Together with her second-born son, they keep a close eye on the youngest helping him to overcome the addiction.

“Monitoring your child as a parent is very important. Check what he’s carrying to school, what he is bringing from school, his kind of friends and the places they go to play, as well as their chats. I take his brother’s laptop to check not only his school work but also his Instagram. Whatever language is being communicated; I have to understand it,” she says.

According to Sylvia, parents sometimes tend to be ignorant of technology development which puts the children in jeopardy. Social media and pornographic websites are a contributor to the increased depression, addiction, and suicidal rates that emanate from social pressure.

“In Kenyan society, most children are left with nannies. As a human rights activist, I have heard different stories of how nannies perform sexual activities with their partners in the presence of a child, which has major implications as the children grow up,” she says.

She advises that no matter how busy you are as a parent; you should find time for your child.

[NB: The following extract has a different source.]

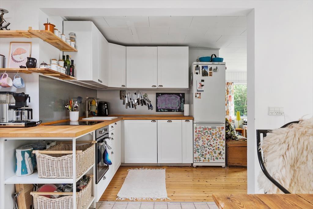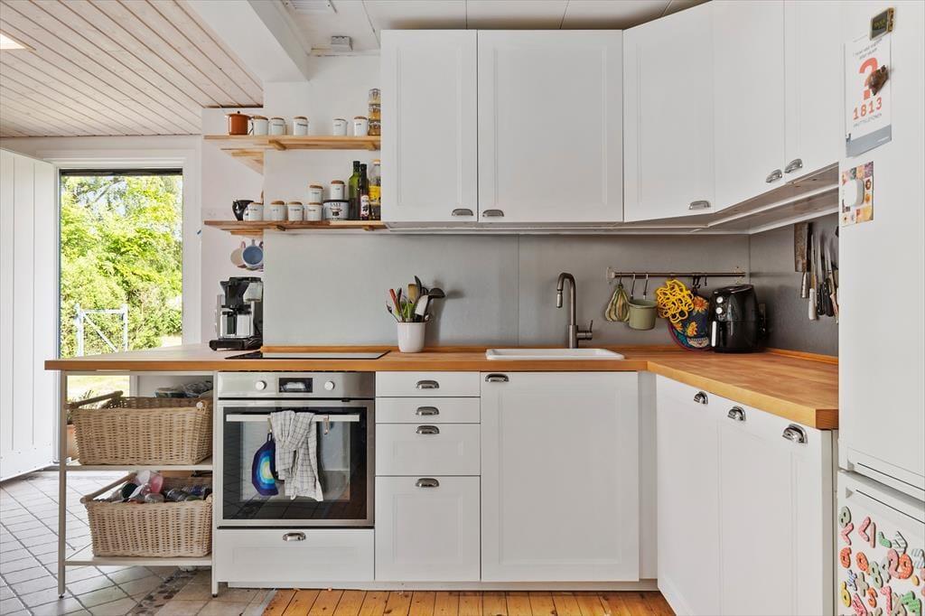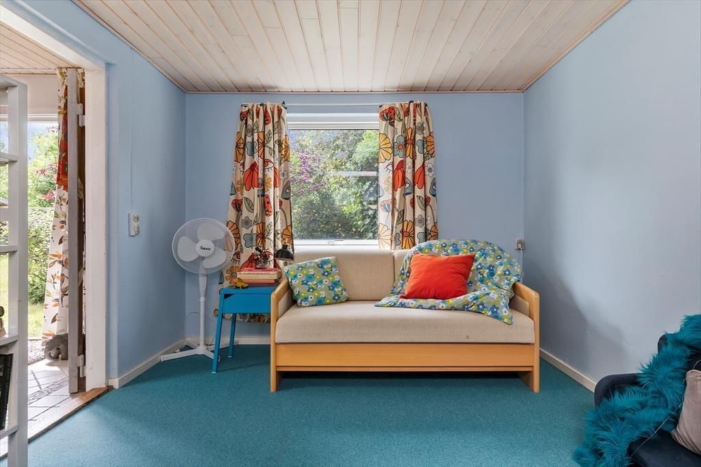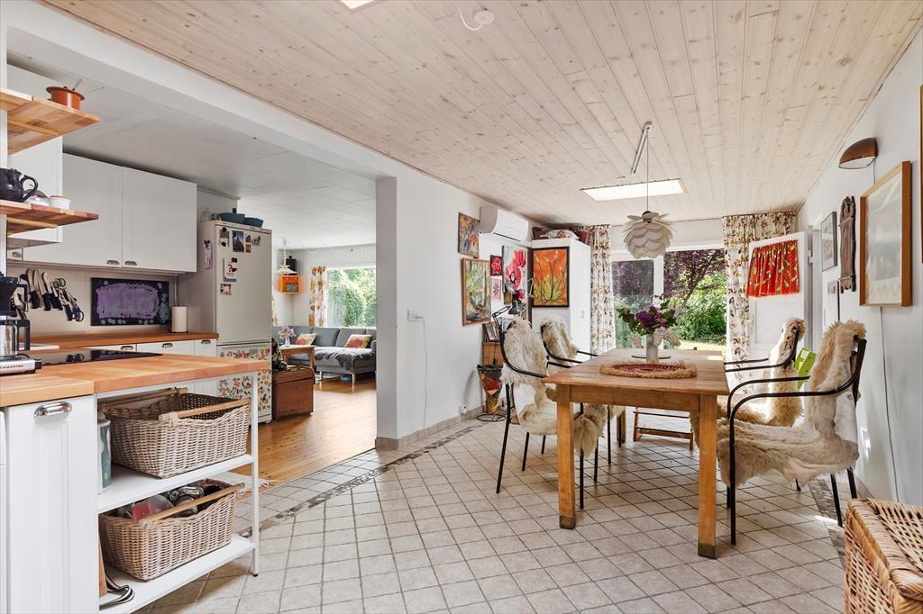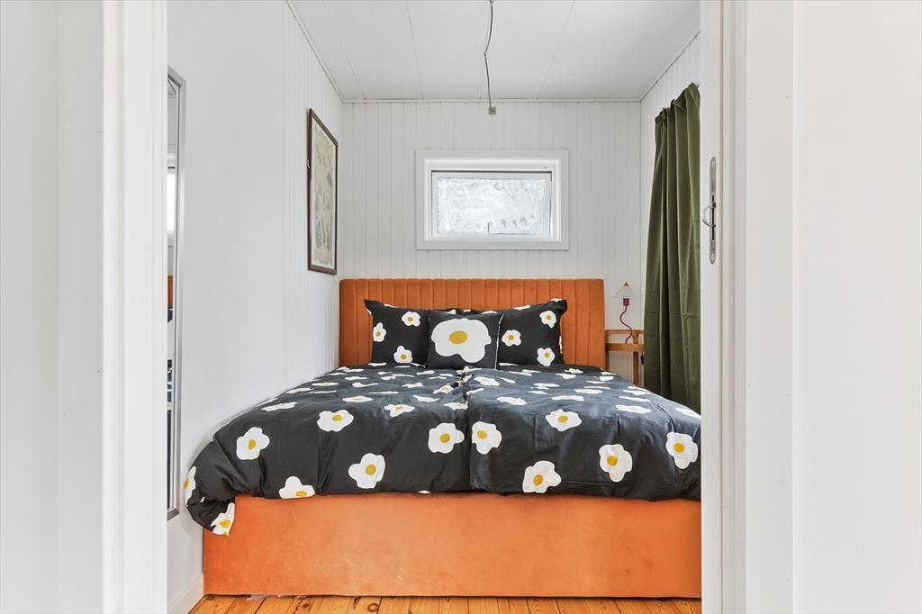 Allerede når I træder indenfor, mærker I den legende og varme atmosfære. Husets hjerte er det åbne alrum, hvor køkken og spisestue smelter sammen. Her er der god plads til at være sammen – til madlavning, tegnerier ved bordet eller brætspil, mens maden simrer. Rundt om hjørnet ligger opholdsstuen med en stor sofa, hvor hele familien kan slappe af og nyde freden. I det farverige børneværelse er der både en køjeseng og en sovesofa samt et udvalg af legetøj, der gør det let at finde på nye lege. Fra overkøjen kan man ligge og kigge op på stjernerne gennem ovenlysvinduet – en magisk detalje, der gør sengetid til noget helt særligt. Derudover byder huset på et lyst soveværelse med dobbeltseng.

“In the midst of looking for money to give them a better life, we end up losing them. If you are not in the country, work on having regular video calls. Put cameras all over your house, which will help to minimise activities that are detrimental to your child’s well-being. Forget about saying you’re infringing on their privacy. You are doing this to protect them,” she advises.

Sylvia also advises parents not to put too much trust in family members who could also be perpetrators.

“My own son became a perpetrator. Also do not love your spouse blindly. Even with a biological father or stepfather, you need to pay attention to their behaviour,” she advises.

Though she is still struggling with the effect of the vice, she says she is now engaging her son in a series of activities that hopefully will keep him busy and away from the vice.

“He is now back to playing football and other school activities and so by the time he gets home, he is really exhausted and has no time for other non-meaningful activities,” she concludes.